DATA EXTRACT →
%%

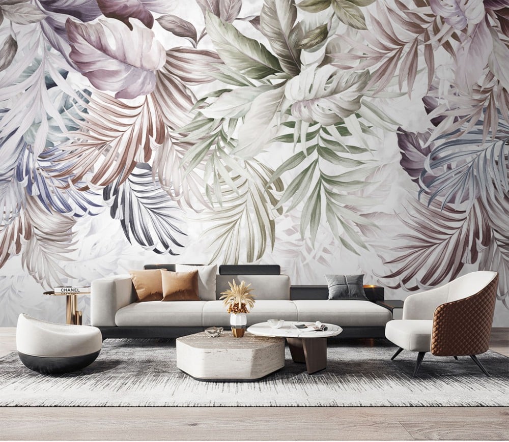 ورق جدران بتصميم نباتات استوائية مرسومة يدويًا على شكل جدار خلفي لأريكة التلفزيون الاسكندنافية TT2403-37744
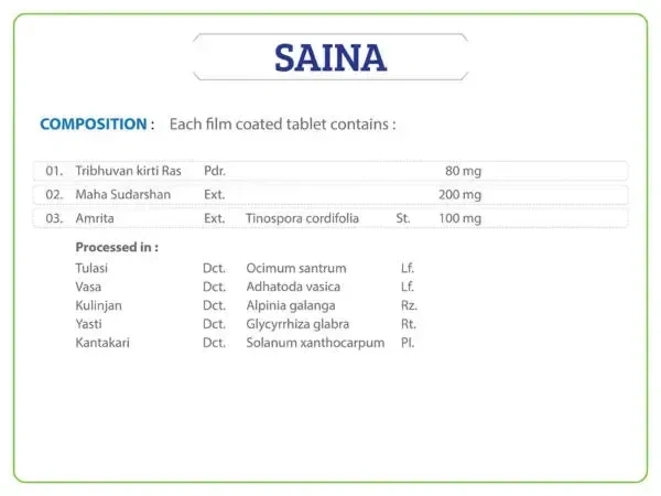 Information about Saina Tablet – Ayurchem
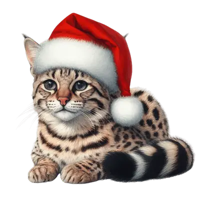 Cute Spotted Cat Santa Hat DTF Transfer - Christmas Apparel Design
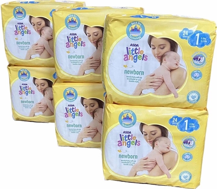 BOX 144 штук підгузків ASDA Little Angels 1 розмір, 2-5 кг
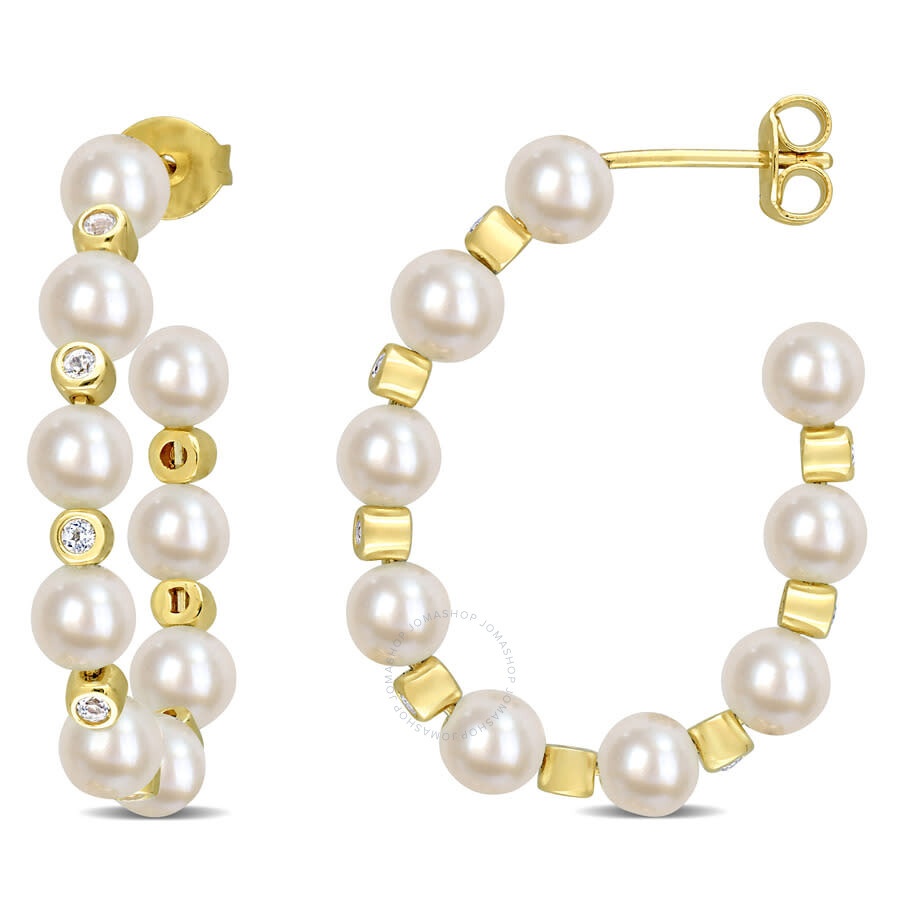 Stand out crowd at the next evening party with these trendy Open Hoop Beaded Earrings. Crafted in luminous yellow gold flash plated sterling silver, these captivating earrings feature 18 cultured freshwater pearls (4.5-5Mm) and 16 round-cut, bezel-set white topaz gemstones (1.5X1.5Mm) placed in between the pearls. Enhanced with a high polished finish, these stylish earrings are secured with butterfly closures. Who said hoops can be boring when you have such unique designs available. GENERAL Stone Shape: Round Color: Yellow INFORMATION Brand: Amour Gender: Womens Model: JMS009557 DETAILS Earrings: Hoop Material : Sterling Silver Metal Stamp: 925-Sterling Metal Weight: 1.76 Stone Type: Pearl Stone Color: White Stone Cut: Round Total Stones: 34 ADDITIONAL INFO Jomashop Sku: AMR-JMS009557 Department: Jewelry Category: Earrings
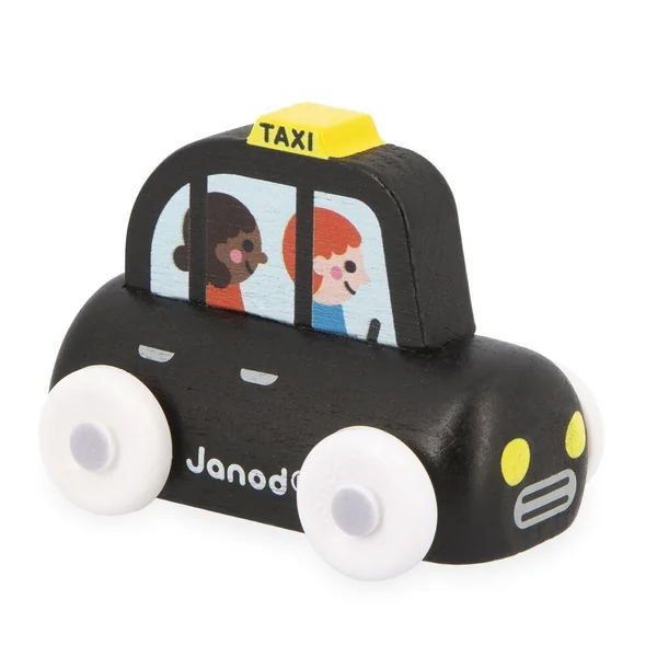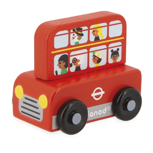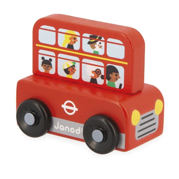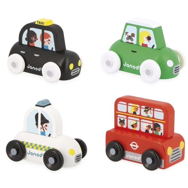 Voyage au Royaume-Uni avec ces 4 adorables véhicules à collectionner ! Dans ce display on retrouve 4 véhicules : 1 bus rouge à deux étages remplis de touristes prêts à visiter la ville, 1 taxi londonien, 1 voiture de police avec comme conducteur un policier au couvre-chef caractéristique du Royaume-Uni, et enfin une petite citadine de couleur verte avec un bulldog rigolo à bord ! Ces véhicules sont spécialement concus pour être faciles à prendre en main par les tous petits. Idéal pour développer la motricité fine et l’imagination. Jouet en bois FSCTM. Pour les enfants à partir de 12 mois.
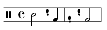 cl2 \stemUp \notePas sn4 bd4 \notePas bd \notePas hc bd2
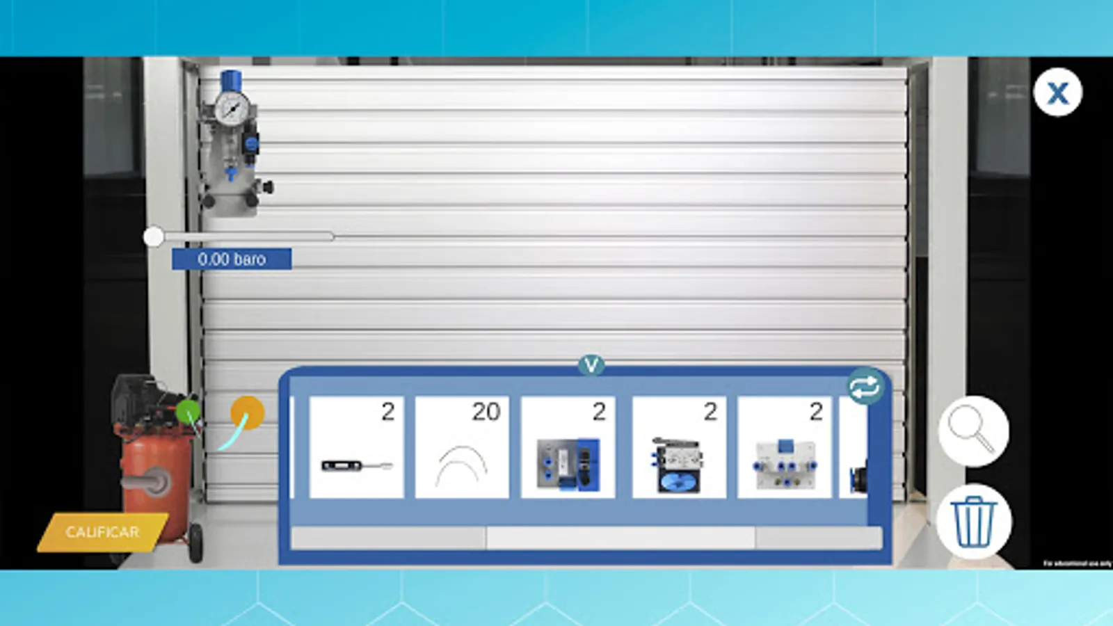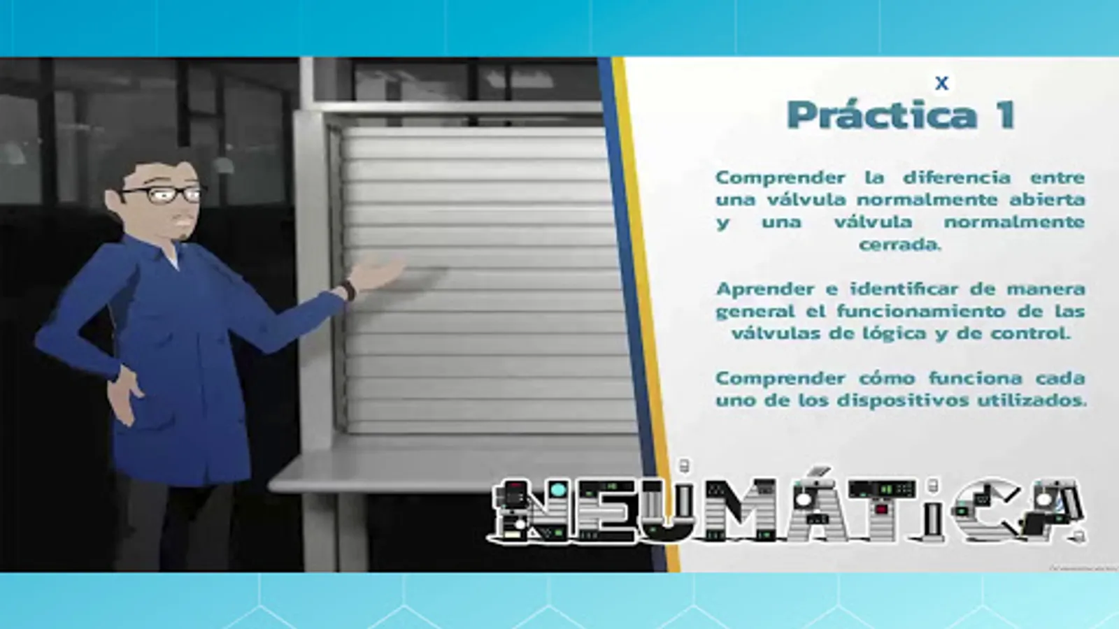 This application has a pneumatics laboratory simulator, which will allow you to know the safety rules of a laboratory, three basic pneumatics practices, as well as augmented reality to identify the elements of the practices by name and symbology.
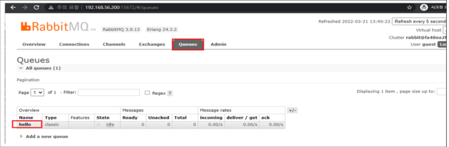 ‘queue’ 태그를 확인 해 보면 overview 에 hello라는 queue를 확인 할 수 있다.
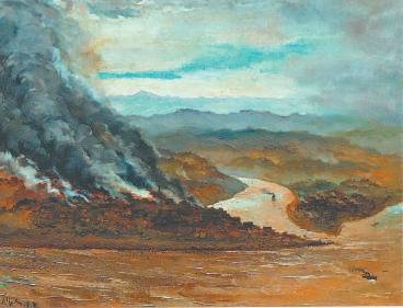 在梳理中国美术馆藏长江题材美术作品时,就能发现油画家宋步云,版画家刘岘、王琦都曾描绘过嘉陵江畔的渔舟,而国画家李斛、宗其香则是以刻画男人体的方式描绘嘉陵江畔的纤夫,展现出强烈的现实主义意识。吴作人油画《重庆大轰炸》,真实记录了吴作人亲眼所见日本侵略者轰炸重庆和嘉陵江的场景,与清末游弋在长江上的外国军舰、南京大屠杀的记忆等一并构成了长江血泪史的叙事部分。换而言之,长江这条母亲河,目睹了近代中华民族的屈辱与血泪。
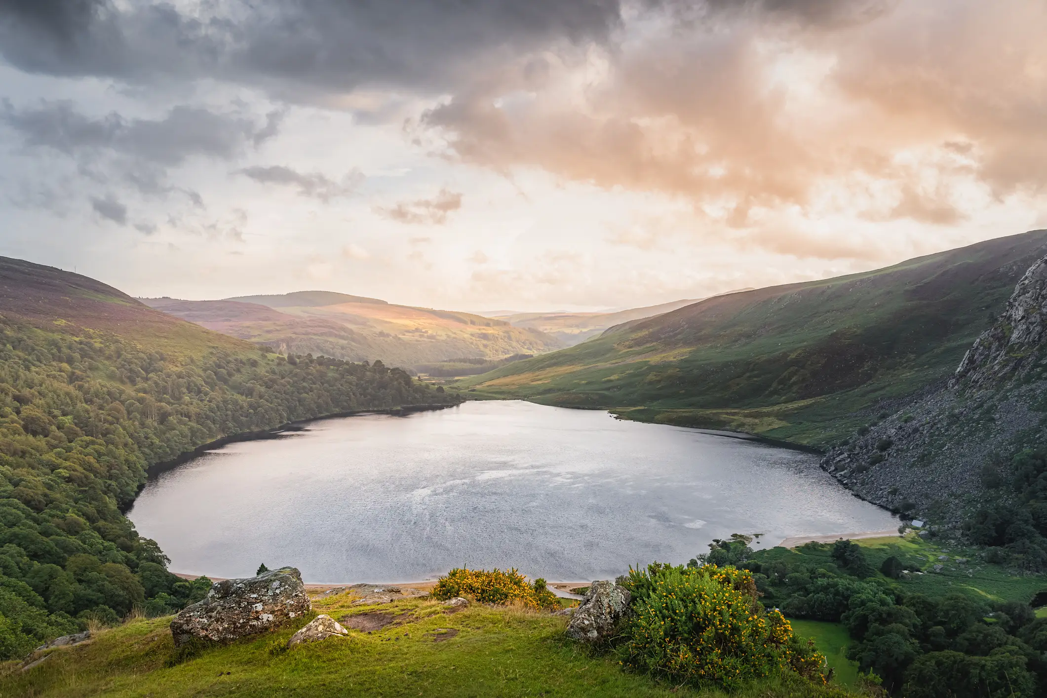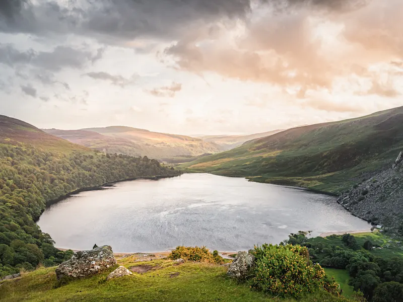 Die Wicklow Mountains in Irland sind ein Naturschutzgebiet südlich von Dublin voll von klaren Gletscherseen, weitläufigen Hügeln und tiefen Tälern. Es gibt zahlreiche Wander- und Radwege, wobei der Wicklow Way der berühmteste Fernwanderweg durch die Berge ist. Zum Herbst wechselt die buschige Landschaft in ein schönes Rot, was vor allem bei Sonnenuntergang ein fantastisches Bild ergibt.

%%

WHAT TO WORK ON →
Nothing but the pictures should be left out when the listing is repeated exactly.

TASK RESPONSE →
 ورق جدران بتصميم نباتات استوائية مرسومة يدويًا على شكل جدار خلفي لأريكة التلفزيون الاسكندنافية TT2403-37744
 Information about Saina Tablet – Ayurchem
 Cute Spotted Cat Santa Hat DTF Transfer - Christmas Apparel Design
 BOX 144 штук підгузків ASDA Little Angels 1 розмір, 2-5 кг
 Stand out crowd at the next evening party with these trendy Open Hoop Beaded Earrings. Crafted in luminous yellow gold flash plated sterling silver, these captivating earrings feature 18 cultured freshwater pearls (4.5-5Mm) and 16 round-cut, bezel-set white topaz gemstones (1.5X1.5Mm) placed in between the pearls. Enhanced with a high polished finish, these stylish earrings are secured with butterfly closures. Who said hoops can be boring when you have such unique designs available. GENERAL Stone Shape: Round Color: Yellow INFORMATION Brand: Amour Gender: Womens Model: JMS009557 DETAILS Earrings: Hoop Material : Sterling Silver Metal Stamp: 925-Sterling Metal Weight: 1.76 Stone Type: Pearl Stone Color: White Stone Cut: Round Total Stones: 34 ADDITIONAL INFO Jomashop Sku: AMR-JMS009557 Department: Jewelry Category: Earrings
 Voyage au Royaume-Uni avec ces 4 adorables véhicules à collectionner ! Dans ce display on retrouve 4 véhicules : 1 bus rouge à deux étages remplis de touristes prêts à visiter la ville, 1 taxi londonien, 1 voiture de police avec comme conducteur un policier au couvre-chef caractéristique du Royaume-Uni, et enfin une petite citadine de couleur verte avec un bulldog rigolo à bord ! Ces véhicules sont spécialement concus pour être faciles à prendre en main par les tous petits. Idéal pour développer la motricité fine et l’imagination. Jouet en bois FSCTM. Pour les enfants à partir de 12 mois.
 cl2 \stemUp \notePas sn4 bd4 \notePas bd \notePas hc bd2
 This application has a pneumatics laboratory simulator, which will allow you to know the safety rules of a laboratory, three basic pneumatics practices, as well as augmented reality to identify the elements of the practices by name and symbology.
 ‘queue’ 태그를 확인 해 보면 overview 에 hello라는 queue를 확인 할 수 있다.
 在梳理中国美术馆藏长江题材美术作品时,就能发现油画家宋步云,版画家刘岘、王琦都曾描绘过嘉陵江畔的渔舟,而国画家李斛、宗其香则是以刻画男人体的方式描绘嘉陵江畔的纤夫,展现出强烈的现实主义意识。吴作人油画《重庆大轰炸》,真实记录了吴作人亲眼所见日本侵略者轰炸重庆和嘉陵江的场景,与清末游弋在长江上的外国军舰、南京大屠杀的记忆等一并构成了长江血泪史的叙事部分。换而言之,长江这条母亲河,目睹了近代中华民族的屈辱与血泪。
 Die Wicklow Mountains in Irland sind ein Naturschutzgebiet südlich von Dublin voll von klaren Gletscherseen, weitläufigen Hügeln und tiefen Tälern. Es gibt zahlreiche Wander- und Radwege, wobei der Wicklow Way der berühmteste Fernwanderweg durch die Berge ist. Zum Herbst wechselt die buschige Landschaft in ein schönes Rot, was vor allem bei Sonnenuntergang ein fantastisches Bild ergibt.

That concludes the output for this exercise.